We can begin to approach the measurement problem by recycling numbers from the software literature. For example, we know that fixing software problems at the design stage is much cheaper than fixing them later in the lifecycle.[7] An IBM study reports relative cost weightings as: design, 1; implementation, 6.5; testing, 15; maintenance, 100. We also know relative cost expenditures for lifecycle stages: design, 15%; implementation, 60%; testing, 25%. These and similar numbers can provide a foundation for measuring the impact of software security.

[7] See Chapter 3, Figure 3-2.

Measuring Return

A preliminary study reported by @stake (now part of Symantec) demonstrates the importance of concentrating security analysis efforts at the design stage relative to the implementation and testing phases (see Figure 2-2). Microsoft reports that more than 50% of the software security problems it finds are design flaws.

Figure 2-2. Return on investment (ROI) as measured by @stake over 23 security engagements.[8]

[8] See the trade magazine article by Kevin Soo Hoo, Andrew Sudbury, and Andrew Jaquith, "Tangible ROI through Secure Software Engineering," Secure Business Quarterly, Q4 2001 <http://www.sbq.com/sbq/rosi/sbq_rosi_software_engineering.pdf>.

Risk management calls for quantitative decision support. Work remains to be done on measuring software security and software security risk, but some metrics are obvious. The most effective metrics involve tracking risk over time.

Measurement and Metrics in the RMF

The most natural and easiest form of measurement in the RMF involves measuring and tracking information about risks and risk status at various times throughout application of the RMF. The Cigital Workbench (explained in the next section) helps to automate this activity. The fact that software development unfolds over time is a boon for measurement because a relative quantity (such as number of risks) measured at two different times can be used to indicate progress.
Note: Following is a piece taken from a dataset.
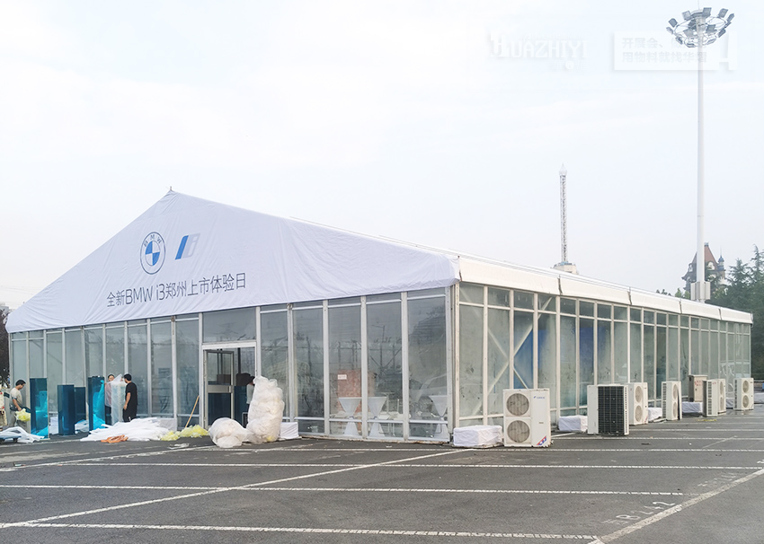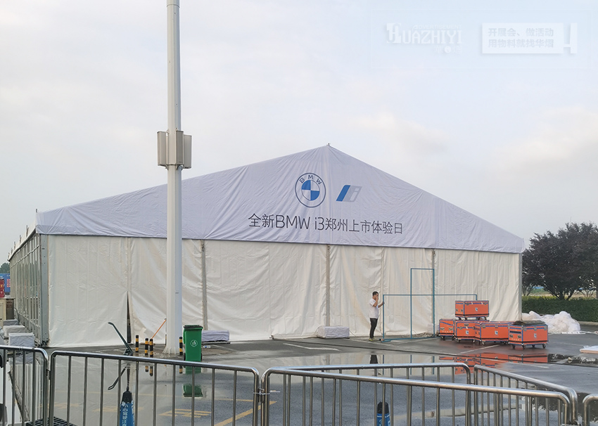 鄭州篷房租賃公司助力寶馬i3上市體驗會,本次我們來到了寶馬體驗會的活動現場,活動現場是由搭建的白色篷房是主會場,篷房內部的頂部是由白色紗幔來進行裝飾的。

Risk measurements include but are not limited to:

  • Outstanding risks by priority

  • Identified risks by priority

  • Outstanding risks by type

  • Identified risks by type

  • Outstanding risks by subtype

  • Identified risks by subtype

  • Overall risk mitigation status percentage

  • Risk mitigation by priority: percentage resolved and percentage outstanding

  • Risk mitigation by priority: number resolved and number outstanding

  • Number of outstanding risks by financial impact

  • Number of identified risks by financial impact

  • Number of risks identified without defined mitigation by priority

  • Number of risks identified without defined mitigation by type

  • Risk discovery rate by priority

  • Risk discovery rate by type

  • Risk mitigation rate by priority

  • Risk mitigation rate by type

  • Number of outstanding risks by schedule impact

These kinds of measurements should be made as early as possible and as continuously as possible during the SDLC.